Outro dia, num supermercado, prestei atenção à conversa de um rapaz ao celular com um amigo. Em dado momento, ele disse que não sabia como havia voltado para casa após uma festa na noite anterior. Não sabia onde tinha deixado o carro ou mesmo se tinha dirigido no final da noite. O curioso é que havia um tom de deboche na sua fala, como se ele se vangloriasse do fato de ter enchido a cara e voltado dirigindo para casa. É, como diriam os crentes, o fim dos tempos. Após décadas de barricadas, protestos, alucinógenos e mochilas nas costas, a transgressão chegou ao século 21 reduzida a um sinônimo de estupidez e irresponsabilidade.

Para esse rapaz do celular foi um episódio cômico, uma transgressão inócua, mas poderia ter terminado como terminam dezenas de acidentes de trânsito em todos os cantos do país, que não envolvem apenas jovens, mas quase sempre envolvem bêbados. Só nos últimos dias, dois deles chamaram a atenção. No primeiro, um homem que admitiu ter tomado algumas cervejas dirigiu por 20 km na contramão até encontrar o carro de um casal que acabara de levar a filha a um hospital. O casal morreu, o bêbado não. No outro acidente, um sujeito embebido em álcool saiu da pista e entrou num parque, atropelando um pai e um bebê de oito meses, que está em estado gravíssimo. São tragédias individuais que evidenciam a nossa tragédia coletiva: a incapacidade de formar pessoas conscientes, cultas e, no bom sentido, transgressoras. Resta só esse admirável gado novo pastando na cidade em veículos de trocentas cilindradas.

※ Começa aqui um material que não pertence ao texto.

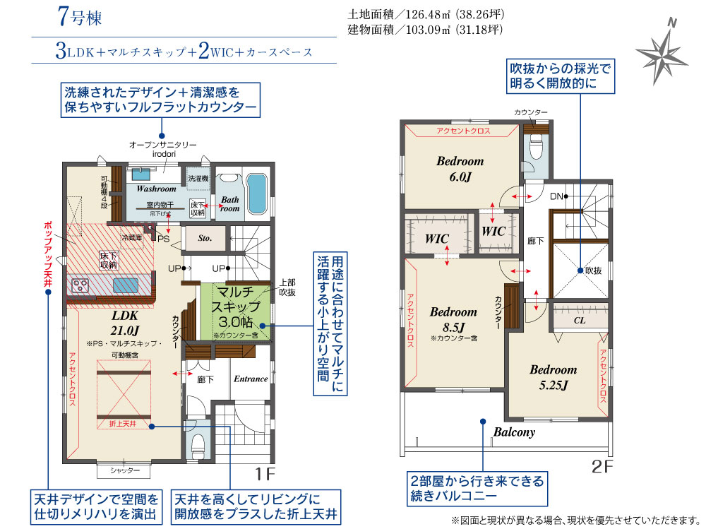 7号棟 間取り 3LDK 価格 4399万円 建物面積 103.09m2 土地面積 126.48m2 -

terça-feira, 2 de março de 2010

Ovos de serpente


Um dos clichês mais utilizados por repórteres e críticos, quando analisam determinada obra de arte, é afirmar de forma categórica que as pessoas podem amar ou odiar essa obra, mas jamais ficarão indiferentes a ela. Esta semana terminei um romance de Manuel Puig, chamado The Buenos Aires Affair. No verso do livro, o escritor Eric Nepomuceno sentencia: “Para alguns, The Buenos Aires affair é o melhor de todos os romances de Manuel Puig. Há, é claro, os que discordam. O que não há é quem passe indiferente por estas páginas”. Por que não? O curioso é que o livro me provocou justamente uma incômoda sensação de indiferença. Não o odiei, muito menos o adorei, e é bem provável que o seu conteúdo esteja apagado da minha memória daqui a alguns anos. Pode ser um defeito meu, é claro. Afinal, a indiferença vem se manifestando em mim de diversas formas, seja quando assisto a programas da TV aberta ou folheio revistas de celebridades nas salas de espera dos consultórios médicos. Ou, mais ainda, quando escuto conversas alheias, de pessoas conhecidas ou não, sobre assuntos que não me despertam o menor interesse.

Mas creio que o problema é mais amplo e não se restringe a mim. Norman Mailer já disse que o “estado natural do homem do século 20 é a angústia”. É possível que o homem do século 21 padeça de um mal ainda mais grave, pois a indiferença traz consigo o tédio, o enfado, a apatia e uma desconfortável sensação de impotência. O mundo me parece anestesiado. Ao contrário do clichê, pouco se ama ou se odeia nos dias de hoje, restando apenas o pensamento entorpecido. Não há causas pelas quais lutar, além da causa própria. Não há limites para a estupidez ou para a violência, seja ela de cunho social, religioso ou político. Pensar diferente é quase um sacrilégio, e assistimos a uma ditadura do consenso, do compadrio, da falta de assunto para além das platitudes e, o mais grave, do horror ao outro. O princípio da alteridade soa como latim – uma coisa antiga, chata, fora de moda – aos ouvidos de gente que não enxerga diferentes grupos sociais e raciais como seres da sua espécie. A história ensina que sociedades assim são ambientes propícios ao aparecimento de ovos de serpente. Há pouco menos de um século, vimos algo parecido: uma pequena serpente peçonhenta rastejando num limbo moral até ascender sem resistência ao poder máximo de um país culto, industrializado e com um ódio latente camuflado pela indiferença. Deu no que deu.